── SUPPLIED RECORDS ──

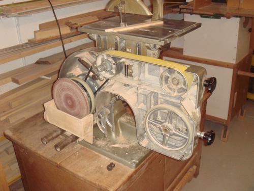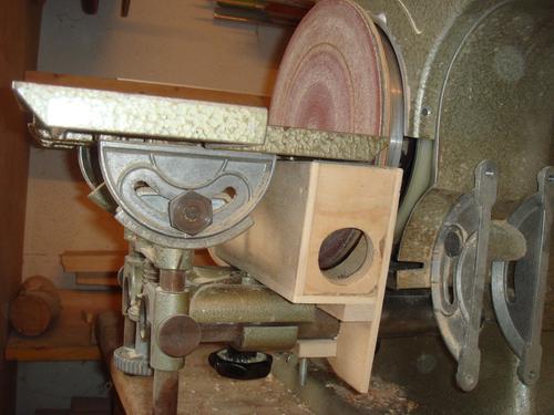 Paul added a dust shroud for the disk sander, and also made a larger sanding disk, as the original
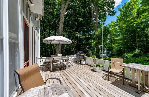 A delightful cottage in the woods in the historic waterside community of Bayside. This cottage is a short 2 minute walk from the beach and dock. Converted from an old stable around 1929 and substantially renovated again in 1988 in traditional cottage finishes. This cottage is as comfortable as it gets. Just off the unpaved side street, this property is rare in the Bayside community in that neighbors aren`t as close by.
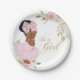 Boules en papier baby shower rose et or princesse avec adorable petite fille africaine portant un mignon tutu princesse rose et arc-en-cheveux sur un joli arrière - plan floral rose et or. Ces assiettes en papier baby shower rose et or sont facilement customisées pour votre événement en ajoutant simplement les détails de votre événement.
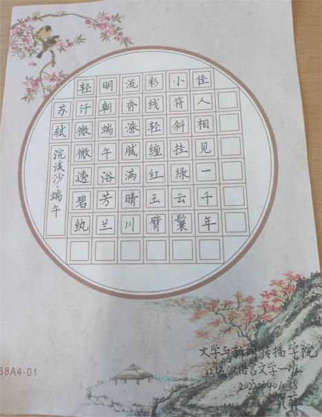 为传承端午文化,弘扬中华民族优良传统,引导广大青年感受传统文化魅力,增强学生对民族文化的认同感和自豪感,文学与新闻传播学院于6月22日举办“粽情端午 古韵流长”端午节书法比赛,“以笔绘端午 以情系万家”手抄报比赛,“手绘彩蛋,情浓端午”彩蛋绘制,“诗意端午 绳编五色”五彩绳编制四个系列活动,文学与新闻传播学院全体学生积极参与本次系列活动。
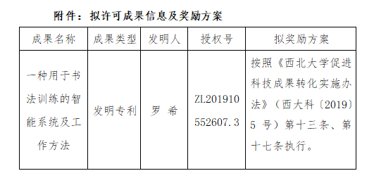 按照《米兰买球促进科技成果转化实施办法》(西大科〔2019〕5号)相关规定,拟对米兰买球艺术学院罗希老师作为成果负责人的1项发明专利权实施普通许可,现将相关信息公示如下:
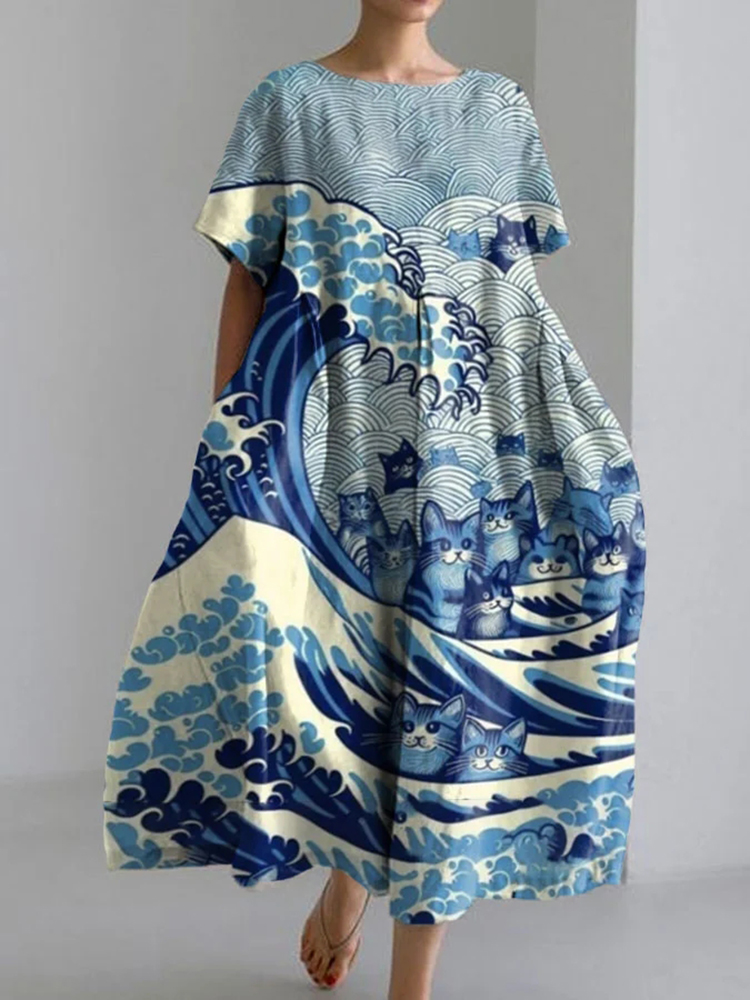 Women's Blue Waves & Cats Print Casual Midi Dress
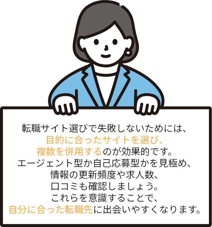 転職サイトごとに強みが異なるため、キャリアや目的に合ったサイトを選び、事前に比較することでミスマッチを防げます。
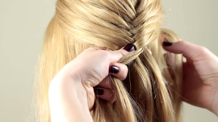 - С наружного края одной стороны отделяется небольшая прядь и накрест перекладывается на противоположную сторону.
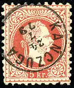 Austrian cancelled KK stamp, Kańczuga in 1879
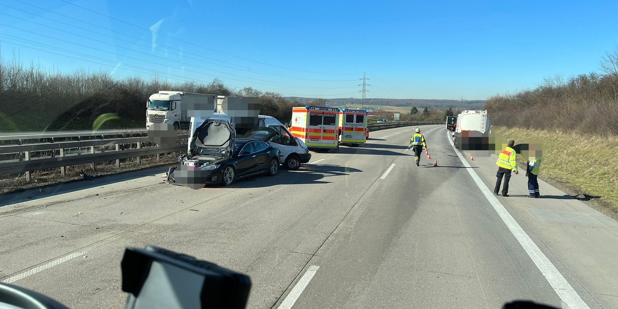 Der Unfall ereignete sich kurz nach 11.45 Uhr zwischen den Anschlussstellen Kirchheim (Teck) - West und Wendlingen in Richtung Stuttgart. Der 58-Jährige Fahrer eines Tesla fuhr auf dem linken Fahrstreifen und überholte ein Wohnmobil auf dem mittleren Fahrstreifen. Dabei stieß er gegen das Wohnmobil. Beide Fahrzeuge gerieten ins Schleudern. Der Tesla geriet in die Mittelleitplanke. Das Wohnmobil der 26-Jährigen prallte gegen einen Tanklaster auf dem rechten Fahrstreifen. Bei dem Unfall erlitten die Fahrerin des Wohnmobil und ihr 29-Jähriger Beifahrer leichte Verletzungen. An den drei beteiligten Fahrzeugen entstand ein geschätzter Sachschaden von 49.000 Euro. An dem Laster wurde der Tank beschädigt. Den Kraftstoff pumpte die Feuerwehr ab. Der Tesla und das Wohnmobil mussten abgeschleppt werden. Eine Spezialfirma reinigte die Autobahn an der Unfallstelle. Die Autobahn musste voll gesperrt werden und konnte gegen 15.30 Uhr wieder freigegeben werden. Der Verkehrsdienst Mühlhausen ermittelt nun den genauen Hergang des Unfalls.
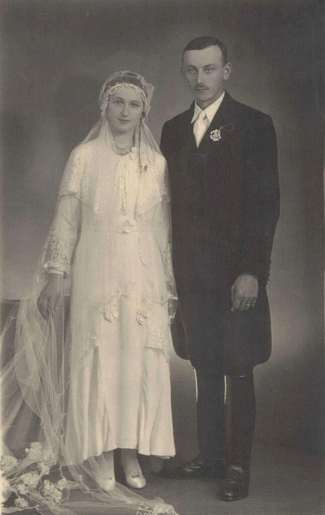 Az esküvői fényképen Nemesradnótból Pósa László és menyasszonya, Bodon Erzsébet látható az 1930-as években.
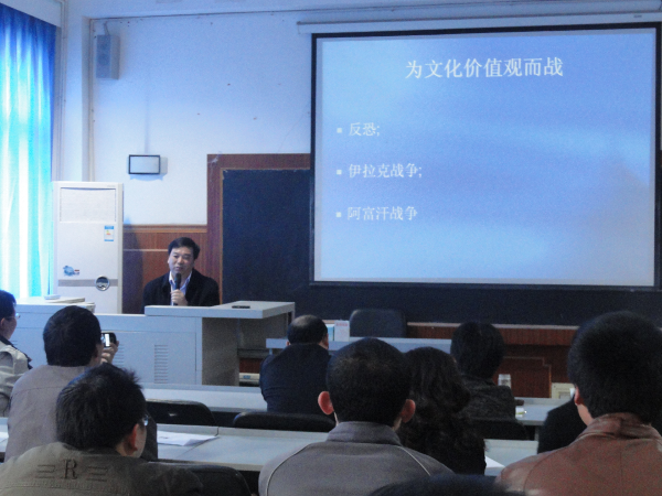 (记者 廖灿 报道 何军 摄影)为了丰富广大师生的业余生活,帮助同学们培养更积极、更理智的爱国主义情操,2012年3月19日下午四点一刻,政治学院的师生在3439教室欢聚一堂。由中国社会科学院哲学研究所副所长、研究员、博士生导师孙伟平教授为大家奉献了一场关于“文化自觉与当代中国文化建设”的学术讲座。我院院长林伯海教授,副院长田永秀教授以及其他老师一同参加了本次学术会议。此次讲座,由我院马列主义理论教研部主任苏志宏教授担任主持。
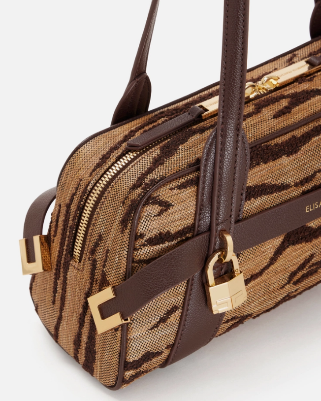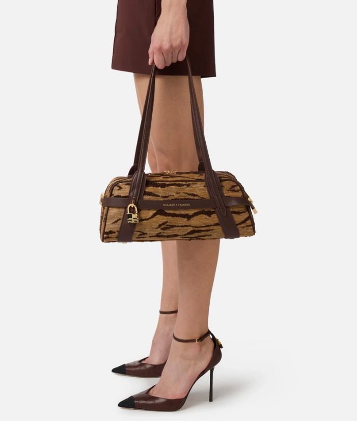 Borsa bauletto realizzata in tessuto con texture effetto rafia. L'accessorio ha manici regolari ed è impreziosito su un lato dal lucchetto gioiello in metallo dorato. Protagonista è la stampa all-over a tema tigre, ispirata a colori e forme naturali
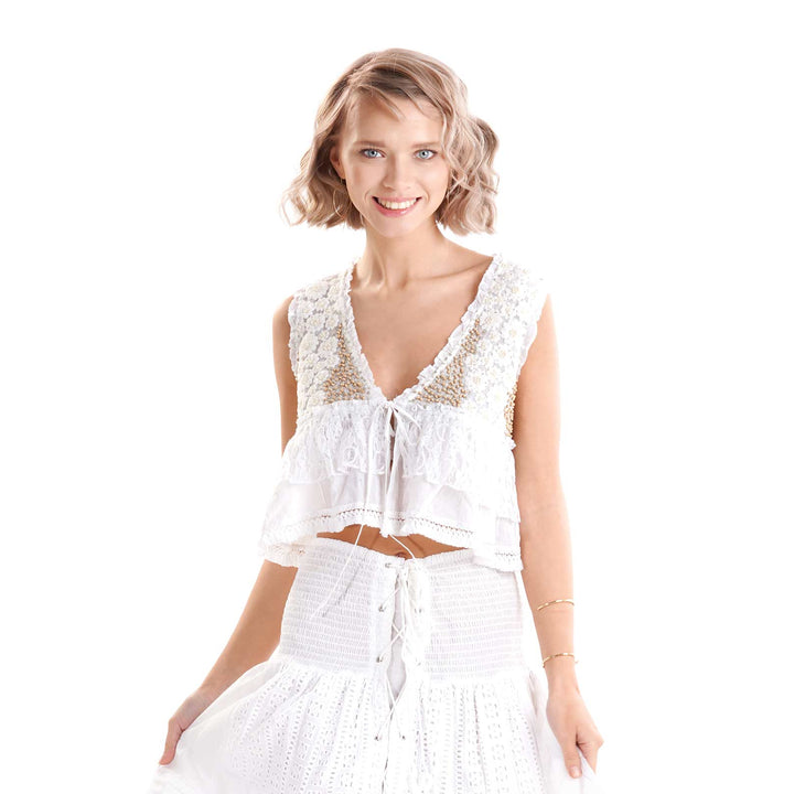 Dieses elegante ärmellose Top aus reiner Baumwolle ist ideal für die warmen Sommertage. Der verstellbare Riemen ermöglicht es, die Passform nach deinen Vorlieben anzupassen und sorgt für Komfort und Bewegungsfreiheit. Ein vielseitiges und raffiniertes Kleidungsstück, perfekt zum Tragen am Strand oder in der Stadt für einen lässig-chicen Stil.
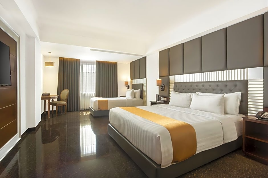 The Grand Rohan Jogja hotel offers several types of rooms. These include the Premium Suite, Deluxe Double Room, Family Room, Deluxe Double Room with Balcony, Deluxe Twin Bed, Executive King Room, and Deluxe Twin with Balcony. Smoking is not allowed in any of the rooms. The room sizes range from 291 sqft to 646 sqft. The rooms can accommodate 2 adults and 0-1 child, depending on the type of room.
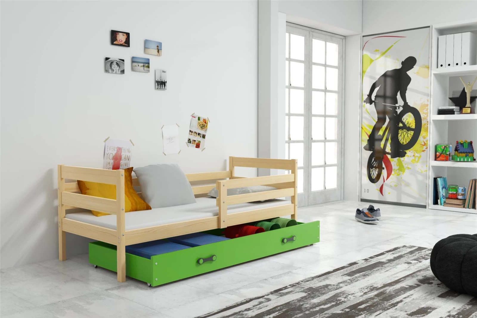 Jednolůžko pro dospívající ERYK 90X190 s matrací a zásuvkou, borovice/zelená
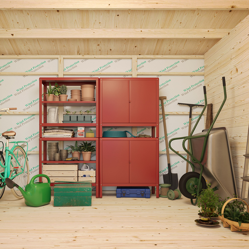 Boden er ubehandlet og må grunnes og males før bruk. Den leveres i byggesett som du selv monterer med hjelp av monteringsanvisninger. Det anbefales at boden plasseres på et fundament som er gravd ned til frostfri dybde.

───

A verbatim rendering of the listing above is required, without any of its pictures.

 Paul added a dust shroud for the disk sander, and also made a larger sanding disk, as the original
 A delightful cottage in the woods in the historic waterside community of Bayside. This cottage is a short 2 minute walk from the beach and dock. Converted from an old stable around 1929 and substantially renovated again in 1988 in traditional cottage finishes. This cottage is as comfortable as it gets. Just off the unpaved side street, this property is rare in the Bayside community in that neighbors aren`t as close by.
 Boules en papier baby shower rose et or princesse avec adorable petite fille africaine portant un mignon tutu princesse rose et arc-en-cheveux sur un joli arrière - plan floral rose et or. Ces assiettes en papier baby shower rose et or sont facilement customisées pour votre événement en ajoutant simplement les détails de votre événement.
 为传承端午文化,弘扬中华民族优良传统,引导广大青年感受传统文化魅力,增强学生对民族文化的认同感和自豪感,文学与新闻传播学院于6月22日举办“粽情端午 古韵流长”端午节书法比赛,“以笔绘端午 以情系万家”手抄报比赛,“手绘彩蛋,情浓端午”彩蛋绘制,“诗意端午 绳编五色”五彩绳编制四个系列活动,文学与新闻传播学院全体学生积极参与本次系列活动。
 按照《米兰买球促进科技成果转化实施办法》(西大科〔2019〕5号)相关规定,拟对米兰买球艺术学院罗希老师作为成果负责人的1项发明专利权实施普通许可,现将相关信息公示如下:
 Women's Blue Waves & Cats Print Casual Midi Dress
 転職サイトごとに強みが異なるため、キャリアや目的に合ったサイトを選び、事前に比較することでミスマッチを防げます。
 - С наружного края одной стороны отделяется небольшая прядь и накрест перекладывается на противоположную сторону.
 Austrian cancelled KK stamp, Kańczuga in 1879
 Der Unfall ereignete sich kurz nach 11.45 Uhr zwischen den Anschlussstellen Kirchheim (Teck) - West und Wendlingen in Richtung Stuttgart. Der 58-Jährige Fahrer eines Tesla fuhr auf dem linken Fahrstreifen und überholte ein Wohnmobil auf dem mittleren Fahrstreifen. Dabei stieß er gegen das Wohnmobil. Beide Fahrzeuge gerieten ins Schleudern. Der Tesla geriet in die Mittelleitplanke. Das Wohnmobil der 26-Jährigen prallte gegen einen Tanklaster auf dem rechten Fahrstreifen. Bei dem Unfall erlitten die Fahrerin des Wohnmobil und ihr 29-Jähriger Beifahrer leichte Verletzungen. An den drei beteiligten Fahrzeugen entstand ein geschätzter Sachschaden von 49.000 Euro. An dem Laster wurde der Tank beschädigt. Den Kraftstoff pumpte die Feuerwehr ab. Der Tesla und das Wohnmobil mussten abgeschleppt werden. Eine Spezialfirma reinigte die Autobahn an der Unfallstelle. Die Autobahn musste voll gesperrt werden und konnte gegen 15.30 Uhr wieder freigegeben werden. Der Verkehrsdienst Mühlhausen ermittelt nun den genauen Hergang des Unfalls.
 Az esküvői fényképen Nemesradnótból Pósa László és menyasszonya, Bodon Erzsébet látható az 1930-as években.
 (记者 廖灿 报道 何军 摄影)为了丰富广大师生的业余生活,帮助同学们培养更积极、更理智的爱国主义情操,2012年3月19日下午四点一刻,政治学院的师生在3439教室欢聚一堂。由中国社会科学院哲学研究所副所长、研究员、博士生导师孙伟平教授为大家奉献了一场关于“文化自觉与当代中国文化建设”的学术讲座。我院院长林伯海教授,副院长田永秀教授以及其他老师一同参加了本次学术会议。此次讲座,由我院马列主义理论教研部主任苏志宏教授担任主持。
 Borsa bauletto realizzata in tessuto con texture effetto rafia. L'accessorio ha manici regolari ed è impreziosito su un lato dal lucchetto gioiello in metallo dorato. Protagonista è la stampa all-over a tema tigre, ispirata a colori e forme naturali
 Dieses elegante ärmellose Top aus reiner Baumwolle ist ideal für die warmen Sommertage. Der verstellbare Riemen ermöglicht es, die Passform nach deinen Vorlieben anzupassen und sorgt für Komfort und Bewegungsfreiheit. Ein vielseitiges und raffiniertes Kleidungsstück, perfekt zum Tragen am Strand oder in der Stadt für einen lässig-chicen Stil.
 The Grand Rohan Jogja hotel offers several types of rooms. These include the Premium Suite, Deluxe Double Room, Family Room, Deluxe Double Room with Balcony, Deluxe Twin Bed, Executive King Room, and Deluxe Twin with Balcony. Smoking is not allowed in any of the rooms. The room sizes range from 291 sqft to 646 sqft. The rooms can accommodate 2 adults and 0-1 child, depending on the type of room.
 Jednolůžko pro dospívající ERYK 90X190 s matrací a zásuvkou, borovice/zelená
 Boden er ubehandlet og må grunnes og males før bruk. Den leveres i byggesett som du selv monterer med hjelp av monteringsanvisninger. Det anbefales at boden plasseres på et fundament som er gravd ned til frostfri dybde.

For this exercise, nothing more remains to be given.